# [What to do]
The entire listing below is to be written out exactly, minus the pictures.

# [Records shown]
▼

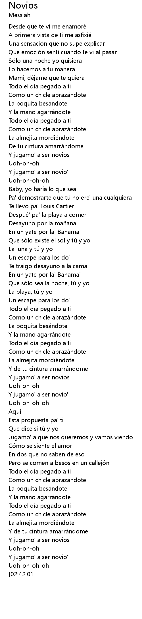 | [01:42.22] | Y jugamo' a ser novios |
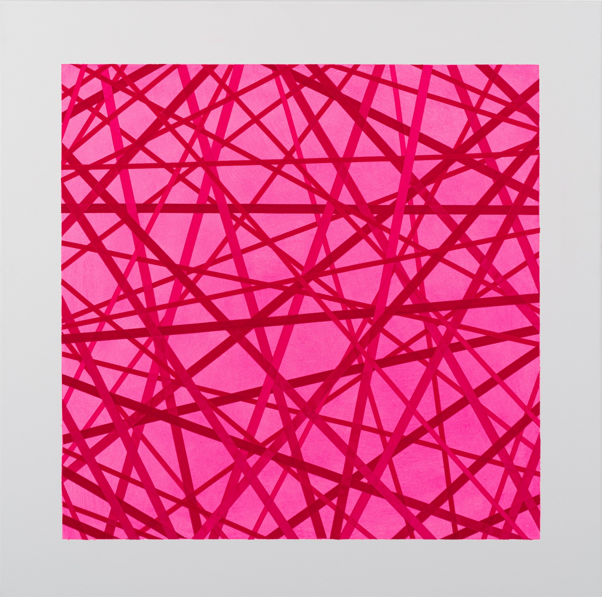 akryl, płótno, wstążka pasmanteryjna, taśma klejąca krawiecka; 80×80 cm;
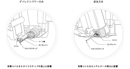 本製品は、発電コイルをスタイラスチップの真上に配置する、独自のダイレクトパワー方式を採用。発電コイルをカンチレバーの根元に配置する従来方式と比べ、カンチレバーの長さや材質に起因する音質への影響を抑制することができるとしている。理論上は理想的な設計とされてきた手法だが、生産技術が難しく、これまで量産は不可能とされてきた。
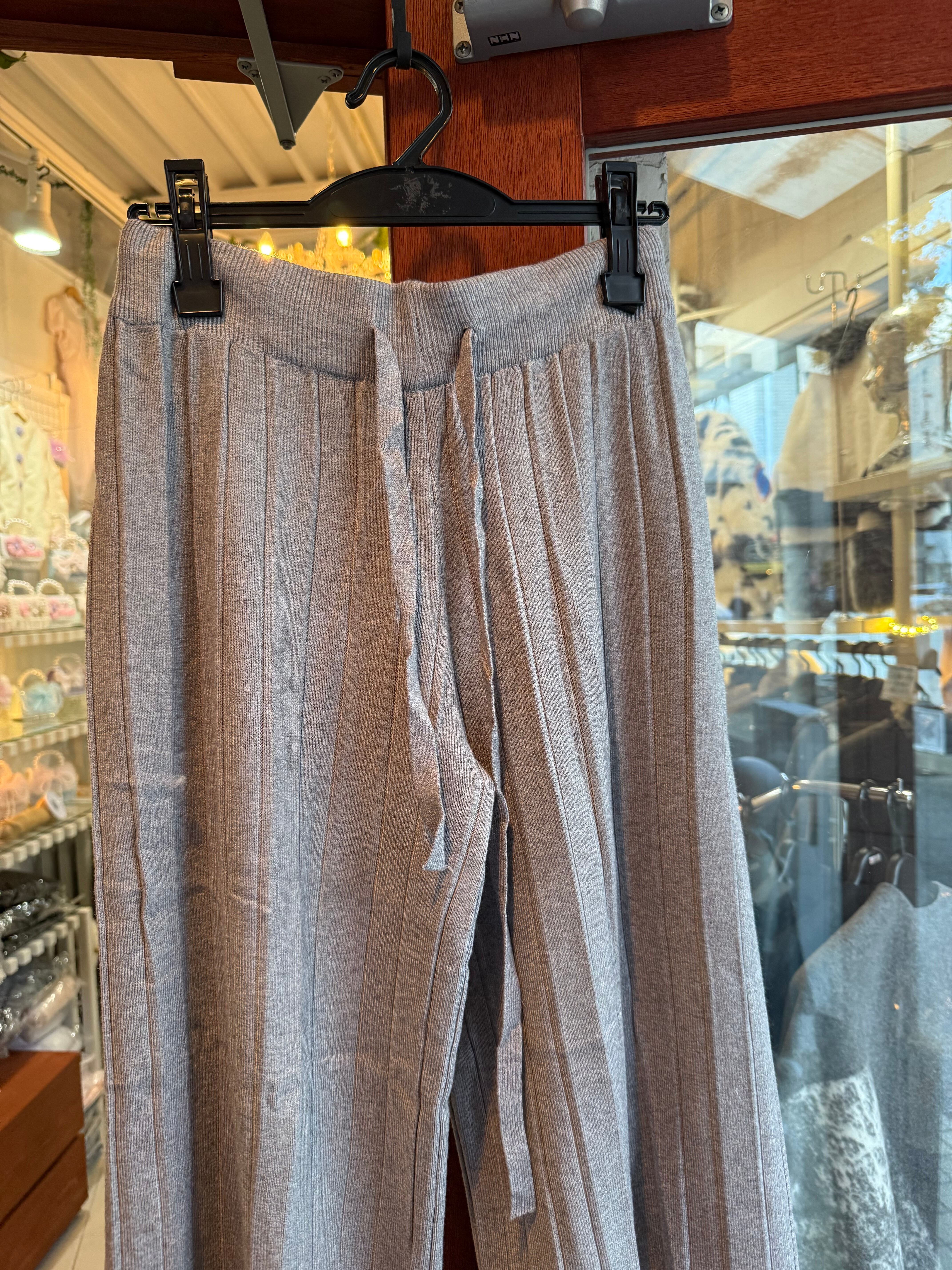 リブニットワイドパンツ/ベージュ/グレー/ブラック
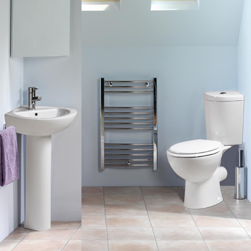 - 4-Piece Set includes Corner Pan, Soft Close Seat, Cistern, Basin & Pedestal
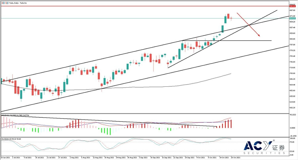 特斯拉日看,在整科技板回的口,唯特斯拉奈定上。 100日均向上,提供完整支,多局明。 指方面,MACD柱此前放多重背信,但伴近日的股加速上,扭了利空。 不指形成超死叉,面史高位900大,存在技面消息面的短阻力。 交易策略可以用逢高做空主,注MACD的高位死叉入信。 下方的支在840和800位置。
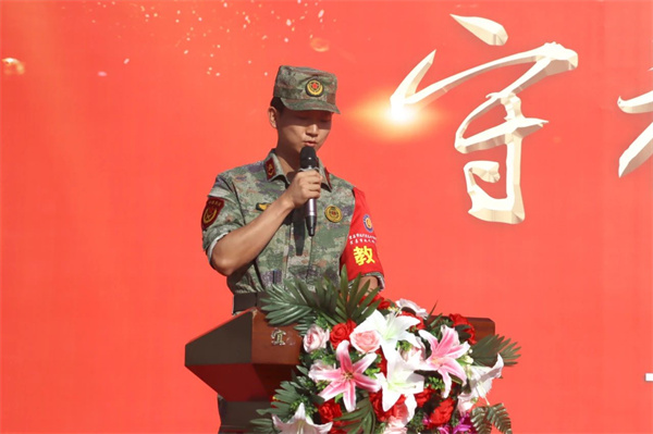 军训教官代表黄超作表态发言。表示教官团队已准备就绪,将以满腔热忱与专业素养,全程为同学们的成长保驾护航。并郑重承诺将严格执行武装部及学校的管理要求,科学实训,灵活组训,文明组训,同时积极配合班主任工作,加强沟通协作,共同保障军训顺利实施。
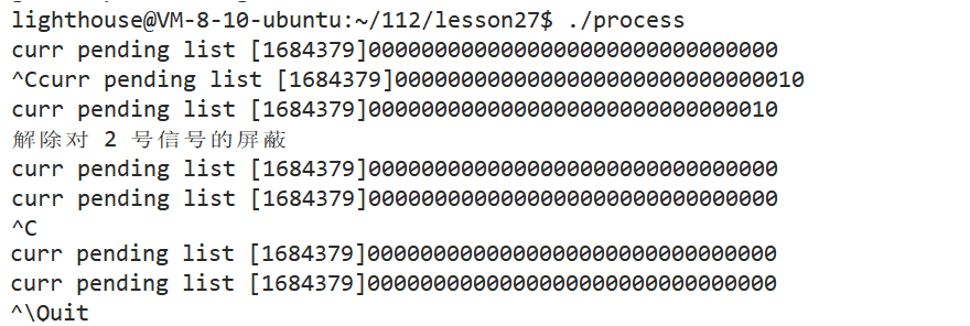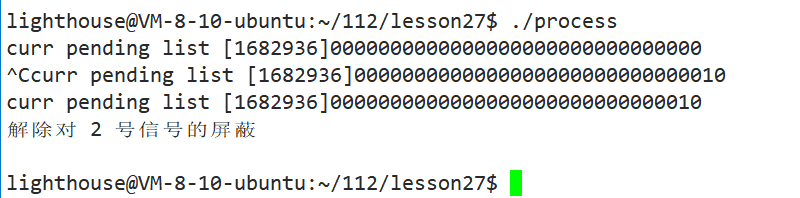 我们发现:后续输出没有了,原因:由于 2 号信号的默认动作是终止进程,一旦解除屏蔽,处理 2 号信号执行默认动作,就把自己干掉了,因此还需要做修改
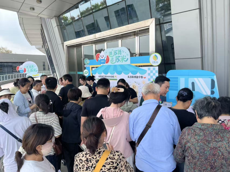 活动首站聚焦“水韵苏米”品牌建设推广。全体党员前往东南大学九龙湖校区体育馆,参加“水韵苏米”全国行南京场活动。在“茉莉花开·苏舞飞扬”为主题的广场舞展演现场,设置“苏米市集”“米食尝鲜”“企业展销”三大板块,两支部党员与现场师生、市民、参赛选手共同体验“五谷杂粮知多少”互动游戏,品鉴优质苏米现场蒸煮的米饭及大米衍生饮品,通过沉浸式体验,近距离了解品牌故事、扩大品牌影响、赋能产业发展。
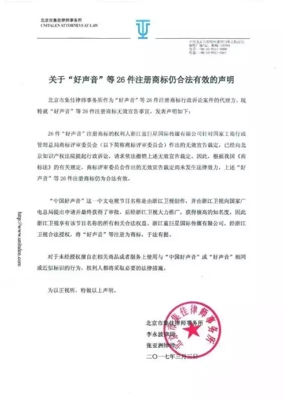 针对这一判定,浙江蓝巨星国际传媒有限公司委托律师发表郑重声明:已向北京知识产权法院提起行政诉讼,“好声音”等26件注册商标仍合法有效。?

▲

# [Result of the exercise]
 | [01:42.22] | Y jugamo' a ser novios |
 akryl, płótno, wstążka pasmanteryjna, taśma klejąca krawiecka; 80×80 cm;
 本製品は、発電コイルをスタイラスチップの真上に配置する、独自のダイレクトパワー方式を採用。発電コイルをカンチレバーの根元に配置する従来方式と比べ、カンチレバーの長さや材質に起因する音質への影響を抑制することができるとしている。理論上は理想的な設計とされてきた手法だが、生産技術が難しく、これまで量産は不可能とされてきた。
 リブニットワイドパンツ/ベージュ/グレー/ブラック
 - 4-Piece Set includes Corner Pan, Soft Close Seat, Cistern, Basin & Pedestal
 特斯拉日看,在整科技板回的口,唯特斯拉奈定上。 100日均向上,提供完整支,多局明。 指方面,MACD柱此前放多重背信,但伴近日的股加速上,扭了利空。 不指形成超死叉,面史高位900大,存在技面消息面的短阻力。 交易策略可以用逢高做空主,注MACD的高位死叉入信。 下方的支在840和800位置。
 军训教官代表黄超作表态发言。表示教官团队已准备就绪,将以满腔热忱与专业素养,全程为同学们的成长保驾护航。并郑重承诺将严格执行武装部及学校的管理要求,科学实训,灵活组训,文明组训,同时积极配合班主任工作,加强沟通协作,共同保障军训顺利实施。
 我们发现:后续输出没有了,原因:由于 2 号信号的默认动作是终止进程,一旦解除屏蔽,处理 2 号信号执行默认动作,就把自己干掉了,因此还需要做修改
 活动首站聚焦“水韵苏米”品牌建设推广。全体党员前往东南大学九龙湖校区体育馆,参加“水韵苏米”全国行南京场活动。在“茉莉花开·苏舞飞扬”为主题的广场舞展演现场,设置“苏米市集”“米食尝鲜”“企业展销”三大板块,两支部党员与现场师生、市民、参赛选手共同体验“五谷杂粮知多少”互动游戏,品鉴优质苏米现场蒸煮的米饭及大米衍生饮品,通过沉浸式体验,近距离了解品牌故事、扩大品牌影响、赋能产业发展。
 针对这一判定,浙江蓝巨星国际传媒有限公司委托律师发表郑重声明:已向北京知识产权法院提起行政诉讼,“好声音”等26件注册商标仍合法有效。?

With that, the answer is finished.